## Activity
Once you find the line with "For iPhone 13" in the listing below, set down exactly every line from it through the line with "de violon |", but no pictures.

BEGIN Information shown

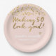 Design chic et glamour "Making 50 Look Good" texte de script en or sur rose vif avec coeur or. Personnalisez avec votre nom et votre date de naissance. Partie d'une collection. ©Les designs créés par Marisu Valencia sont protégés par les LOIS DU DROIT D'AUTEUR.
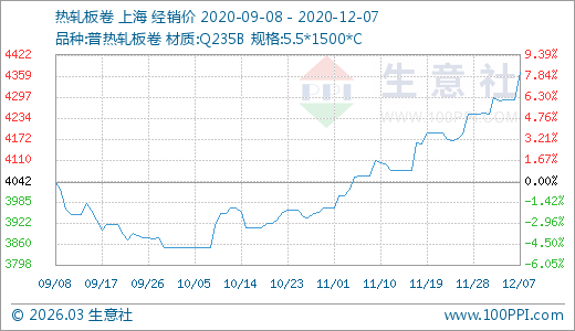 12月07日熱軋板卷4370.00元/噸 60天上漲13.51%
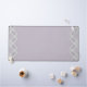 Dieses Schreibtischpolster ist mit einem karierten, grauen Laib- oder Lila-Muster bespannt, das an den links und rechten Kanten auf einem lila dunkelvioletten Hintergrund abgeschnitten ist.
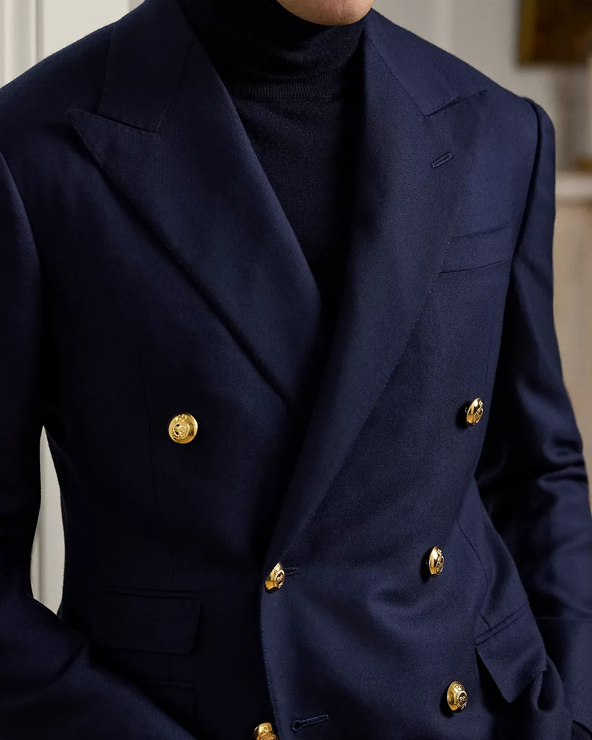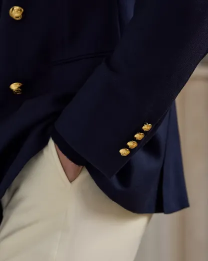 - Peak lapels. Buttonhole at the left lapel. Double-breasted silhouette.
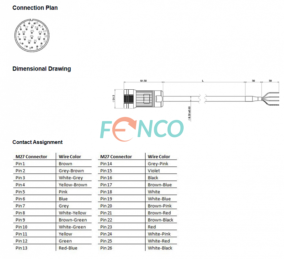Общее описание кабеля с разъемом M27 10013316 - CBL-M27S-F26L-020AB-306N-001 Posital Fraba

END Information shown
BEGIN Information shown

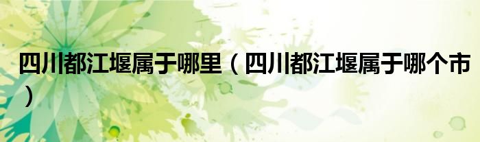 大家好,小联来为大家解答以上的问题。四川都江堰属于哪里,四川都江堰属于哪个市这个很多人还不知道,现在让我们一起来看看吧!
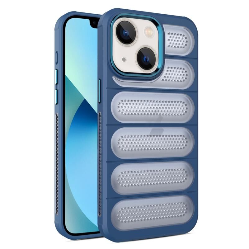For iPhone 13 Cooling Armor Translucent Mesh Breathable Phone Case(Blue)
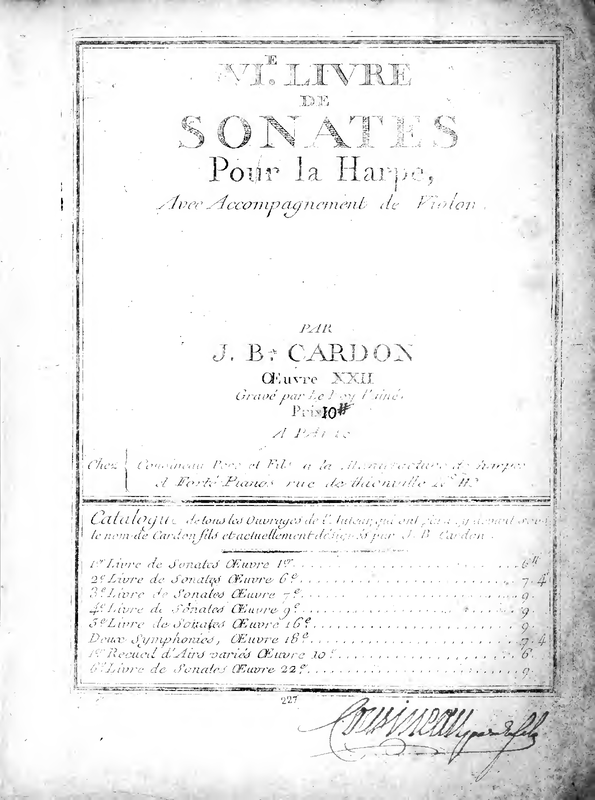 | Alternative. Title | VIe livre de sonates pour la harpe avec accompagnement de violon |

END Information shown
BEGIN Information shown

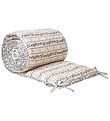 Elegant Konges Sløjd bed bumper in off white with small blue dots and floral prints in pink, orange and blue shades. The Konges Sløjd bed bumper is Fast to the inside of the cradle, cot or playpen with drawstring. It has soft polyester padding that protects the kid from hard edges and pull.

END Information shown

## Result below
For iPhone 13 Cooling Armor Translucent Mesh Breathable Phone Case(Blue)
 | Alternative. Title | VIe livre de sonates pour la harpe avec accompagnement de violon |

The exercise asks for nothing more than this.